* _WHAT IS BEING ASKED_
The copy should hold exactly the lines below from the one that contains "Electrochemical measurements were" through the one that contains "Chic floral earrings" and nothing else, so no pictures.

* _SUPPLIED MATERIAL_

:::

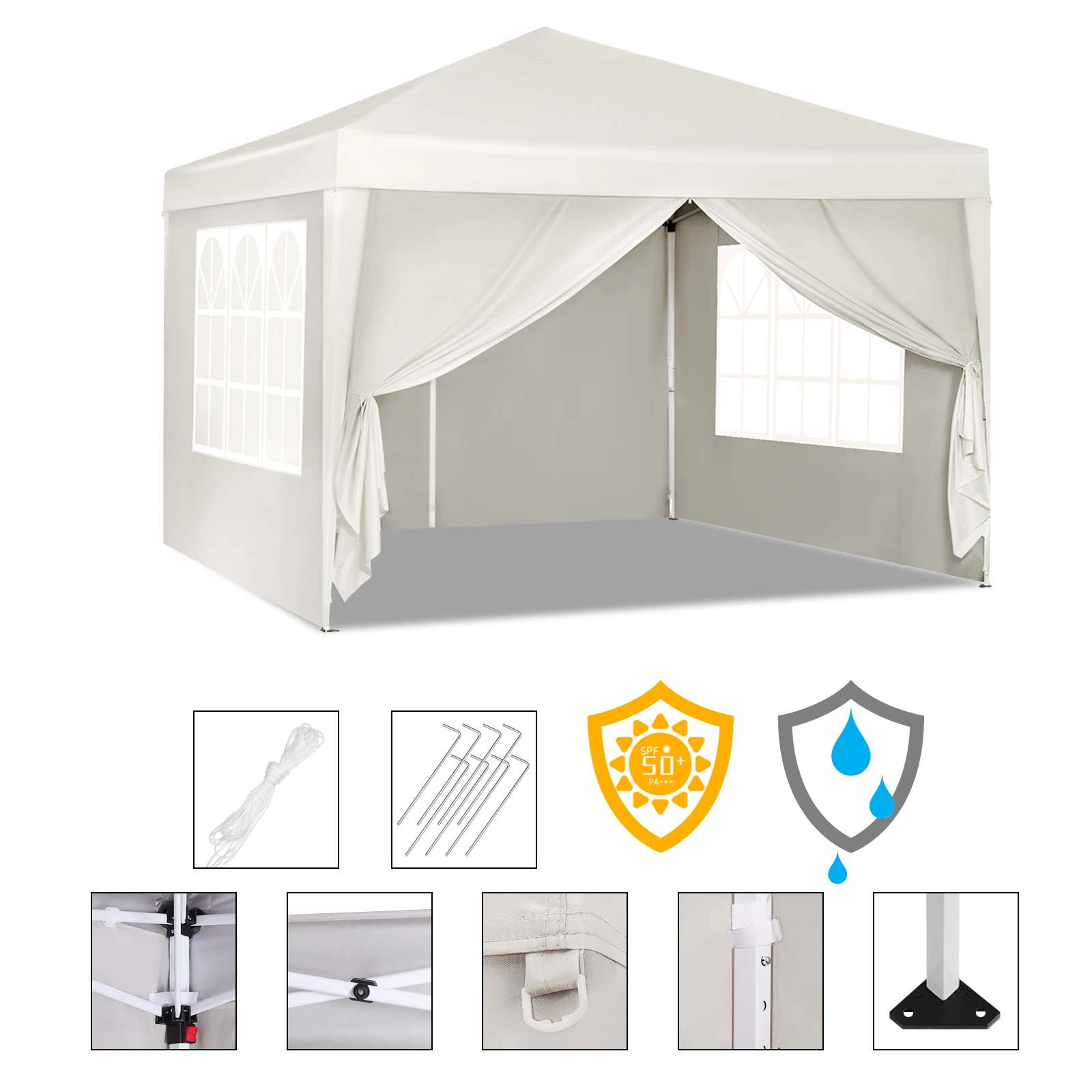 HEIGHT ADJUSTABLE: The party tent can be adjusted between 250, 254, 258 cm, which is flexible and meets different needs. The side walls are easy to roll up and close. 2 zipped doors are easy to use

:::

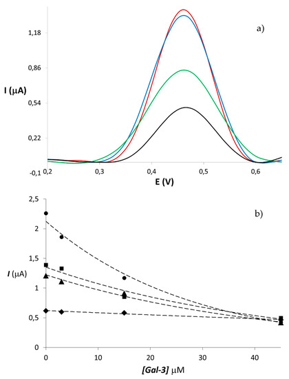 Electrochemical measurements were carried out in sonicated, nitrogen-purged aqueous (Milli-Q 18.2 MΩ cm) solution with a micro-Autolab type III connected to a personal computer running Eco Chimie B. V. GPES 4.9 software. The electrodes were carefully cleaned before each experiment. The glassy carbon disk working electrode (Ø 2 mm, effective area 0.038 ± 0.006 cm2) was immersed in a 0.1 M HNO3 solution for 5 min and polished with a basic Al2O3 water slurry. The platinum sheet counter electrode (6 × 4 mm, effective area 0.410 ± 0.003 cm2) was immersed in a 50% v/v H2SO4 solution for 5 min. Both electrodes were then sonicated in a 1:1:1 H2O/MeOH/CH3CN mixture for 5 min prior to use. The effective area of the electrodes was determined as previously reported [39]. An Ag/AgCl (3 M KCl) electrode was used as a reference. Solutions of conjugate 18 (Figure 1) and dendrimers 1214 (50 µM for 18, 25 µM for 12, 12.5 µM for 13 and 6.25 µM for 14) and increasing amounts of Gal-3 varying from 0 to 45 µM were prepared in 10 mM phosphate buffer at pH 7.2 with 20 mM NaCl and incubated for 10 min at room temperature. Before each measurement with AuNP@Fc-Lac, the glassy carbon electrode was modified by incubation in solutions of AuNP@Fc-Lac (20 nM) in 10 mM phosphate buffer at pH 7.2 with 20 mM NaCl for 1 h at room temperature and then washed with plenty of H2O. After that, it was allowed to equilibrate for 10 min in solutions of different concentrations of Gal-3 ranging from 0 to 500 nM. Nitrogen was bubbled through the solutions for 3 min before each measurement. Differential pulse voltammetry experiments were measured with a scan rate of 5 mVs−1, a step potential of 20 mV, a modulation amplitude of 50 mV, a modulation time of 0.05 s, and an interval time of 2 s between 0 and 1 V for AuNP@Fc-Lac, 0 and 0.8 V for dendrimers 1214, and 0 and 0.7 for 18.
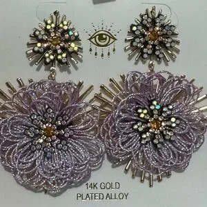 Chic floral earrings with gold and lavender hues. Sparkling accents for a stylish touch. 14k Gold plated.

:::

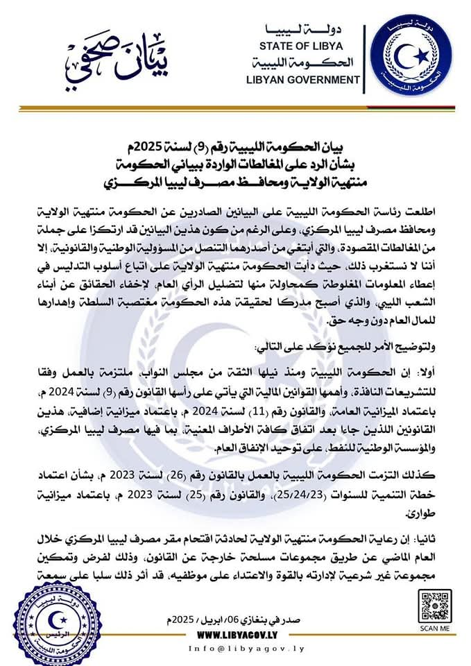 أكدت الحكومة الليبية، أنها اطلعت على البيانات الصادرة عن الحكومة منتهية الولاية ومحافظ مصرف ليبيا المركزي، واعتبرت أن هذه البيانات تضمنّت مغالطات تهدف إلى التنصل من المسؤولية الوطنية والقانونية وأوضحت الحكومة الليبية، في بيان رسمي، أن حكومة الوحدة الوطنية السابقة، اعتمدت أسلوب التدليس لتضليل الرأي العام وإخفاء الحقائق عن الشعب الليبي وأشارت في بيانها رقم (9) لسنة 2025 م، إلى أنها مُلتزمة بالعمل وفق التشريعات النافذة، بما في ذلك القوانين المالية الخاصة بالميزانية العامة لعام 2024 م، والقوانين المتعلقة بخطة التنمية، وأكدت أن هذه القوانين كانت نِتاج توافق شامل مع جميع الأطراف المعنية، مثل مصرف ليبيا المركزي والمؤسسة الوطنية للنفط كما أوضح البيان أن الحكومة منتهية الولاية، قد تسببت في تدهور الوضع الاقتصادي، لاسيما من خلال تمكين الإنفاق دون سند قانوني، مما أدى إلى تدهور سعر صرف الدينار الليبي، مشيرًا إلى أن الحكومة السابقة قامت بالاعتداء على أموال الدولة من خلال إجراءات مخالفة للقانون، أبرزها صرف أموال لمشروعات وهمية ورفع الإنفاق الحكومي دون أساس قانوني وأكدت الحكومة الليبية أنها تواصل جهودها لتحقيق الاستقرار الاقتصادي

:::

* _ANSWER FOR THE TASK_
 Electrochemical measurements were carried out in sonicated, nitrogen-purged aqueous (Milli-Q 18.2 MΩ cm) solution with a micro-Autolab type III connected to a personal computer running Eco Chimie B. V. GPES 4.9 software. The electrodes were carefully cleaned before each experiment. The glassy carbon disk working electrode (Ø 2 mm, effective area 0.038 ± 0.006 cm2) was immersed in a 0.1 M HNO3 solution for 5 min and polished with a basic Al2O3 water slurry. The platinum sheet counter electrode (6 × 4 mm, effective area 0.410 ± 0.003 cm2) was immersed in a 50% v/v H2SO4 solution for 5 min. Both electrodes were then sonicated in a 1:1:1 H2O/MeOH/CH3CN mixture for 5 min prior to use. The effective area of the electrodes was determined as previously reported [39]. An Ag/AgCl (3 M KCl) electrode was used as a reference. Solutions of conjugate 18 (Figure 1) and dendrimers 1214 (50 µM for 18, 25 µM for 12, 12.5 µM for 13 and 6.25 µM for 14) and increasing amounts of Gal-3 varying from 0 to 45 µM were prepared in 10 mM phosphate buffer at pH 7.2 with 20 mM NaCl and incubated for 10 min at room temperature. Before each measurement with AuNP@Fc-Lac, the glassy carbon electrode was modified by incubation in solutions of AuNP@Fc-Lac (20 nM) in 10 mM phosphate buffer at pH 7.2 with 20 mM NaCl for 1 h at room temperature and then washed with plenty of H2O. After that, it was allowed to equilibrate for 10 min in solutions of different concentrations of Gal-3 ranging from 0 to 500 nM. Nitrogen was bubbled through the solutions for 3 min before each measurement. Differential pulse voltammetry experiments were measured with a scan rate of 5 mVs−1, a step potential of 20 mV, a modulation amplitude of 50 mV, a modulation time of 0.05 s, and an interval time of 2 s between 0 and 1 V for AuNP@Fc-Lac, 0 and 0.8 V for dendrimers 1214, and 0 and 0.7 for 18.
 Chic floral earrings with gold and lavender hues. Sparkling accents for a stylish touch. 14k Gold plated.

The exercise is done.